Assignment |
Return all of the entries word for word, but omit the pictures they contain.

**** Records provided ****

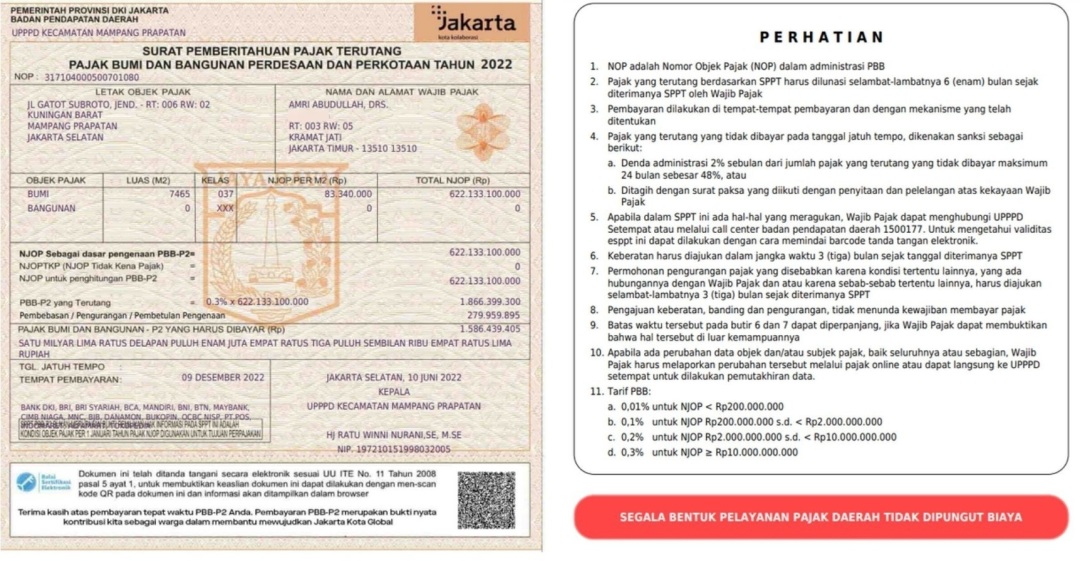 Harga njop = 89,5juta permtr
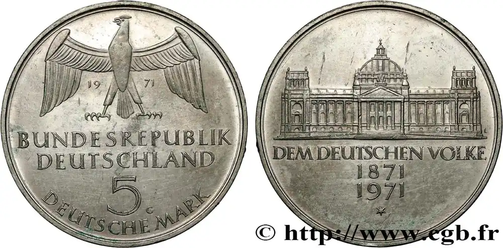 Usine Directe ALLEMAGNE 5 Mark Centenaire du parlement allemand 1971 Karlsruhe fwo_807920 Monde
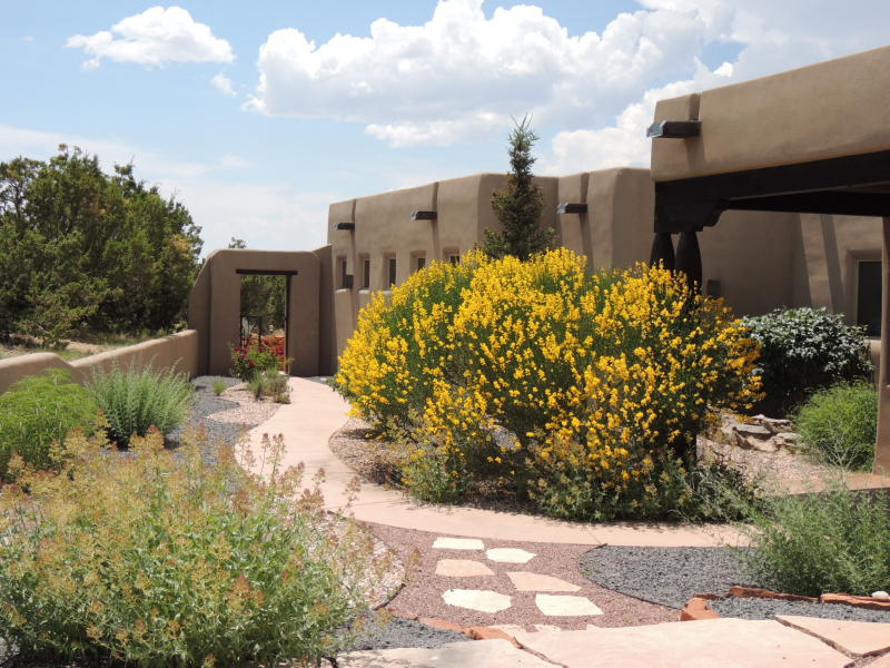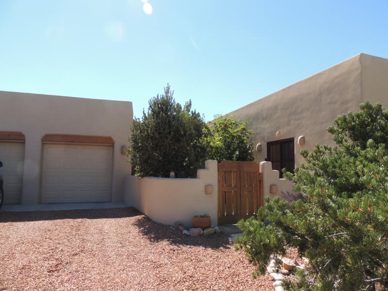 Gorgeous landscaping, completely fenced & spacious back yard, and a Finished 3 car garage. Plentiful natural light. Landscaping is mature and well tended, drip system in place. Serene, natural spaces to enjoy the garden abound. Beams, lovely wood cabinetry, sensible floor plan - single level elegance with Santa Fe charm. $524,000.00 MLS#201503622
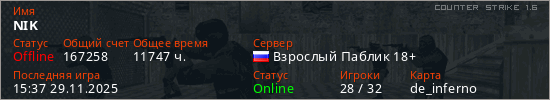 Последний раз был в сети 15:37 29.11.2025 Игрок с таким ником замечен на 31 сервере
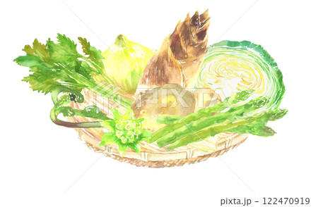 水彩畫一組春季蔬菜(竹筍、新洋蔥、春白菜、款冬芽、油菜花、蘆筍等)

****

Solved exercise |
 Harga njop = 89,5juta permtr
 Usine Directe ALLEMAGNE 5 Mark Centenaire du parlement allemand 1971 Karlsruhe fwo_807920 Monde
 Gorgeous landscaping, completely fenced & spacious back yard, and a Finished 3 car garage. Plentiful natural light. Landscaping is mature and well tended, drip system in place. Serene, natural spaces to enjoy the garden abound. Beams, lovely wood cabinetry, sensible floor plan - single level elegance with Santa Fe charm. $524,000.00 MLS#201503622
 Последний раз был в сети 15:37 29.11.2025 Игрок с таким ником замечен на 31 сервере
 水彩畫一組春季蔬菜(竹筍、新洋蔥、春白菜、款冬芽、油菜花、蘆筍等)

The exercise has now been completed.